Q: Do you have tunes in mind for the songs in your books?

Avoided writing lyrics for a long time, thinking they wouldn’t be as good as the imagined lyrics in the reader’s head, but eventually realized he would have to. Wrote 5-6 songs in the book. “I was about to say no….” Would take an existing song and write completely new lyrics to fit that melody. (“Wedding Presence” was written to Leonard Cohen’s “Take This Waltz”)

Q: Do you imagine your stories taking place in our world or a parallel one?

“Complex question…it’s both. I committed an original ontological sin with Luisa Rey; she exists in a manuscript with Cloud Atlas…unless I go back and fix that, which I intend to do, [and make it nonfiction]…” Other issues: In Ghostwritten, the world ends by comet smashing into the Earth in 2000-2001, which it didn’t… “If you write about the future, the near future, then of course as our timeline catches up with the literary timeline, there are divergences” (e.g. no mention of 2020 pandemic in Bone Clocks). “I’m going to be playing a game with this in about two novels’ time – hang in there and it will be explained.” (!!!)

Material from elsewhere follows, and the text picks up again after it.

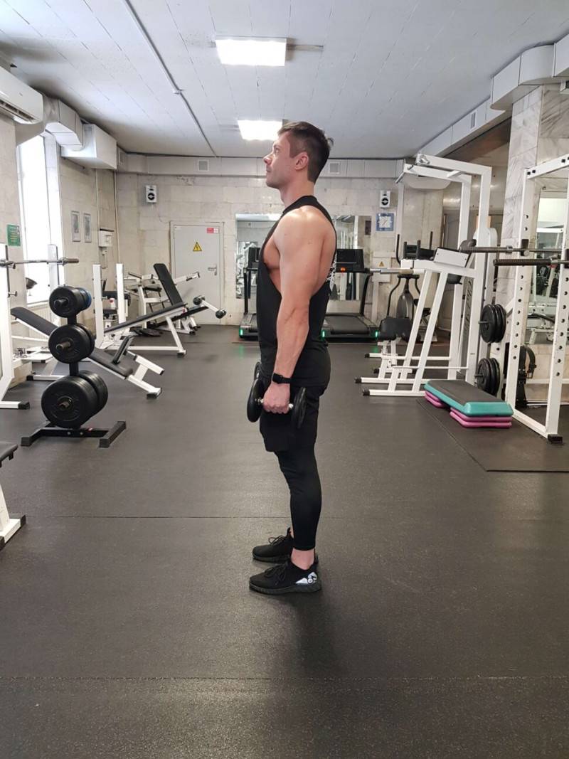 - На выдохе согнуть локти и привести гантели к плечам. Не отрывать локти от корпуса.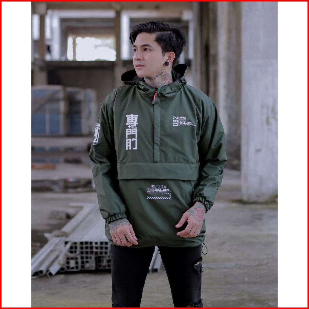 Sixteen - Jaket Parasut Pria Wanita Cagoule Jepang Kanji Waterproof Windbreaker Original The Bojiel

Q: What’s your connection to Gravesend, which has showed up in a few of your books?

Went to University of Kent at Canterbury, lived in Whitstable. “It’s a haunted, desolate, strange, ghost-laden, politically curious, ancient part of the country” “How to describe? It’s beautiful, it’s poor” [poorest area in richest region], it’s Roman. Echoes of Dickens, Conrad. “There’s something about the place that gets me.”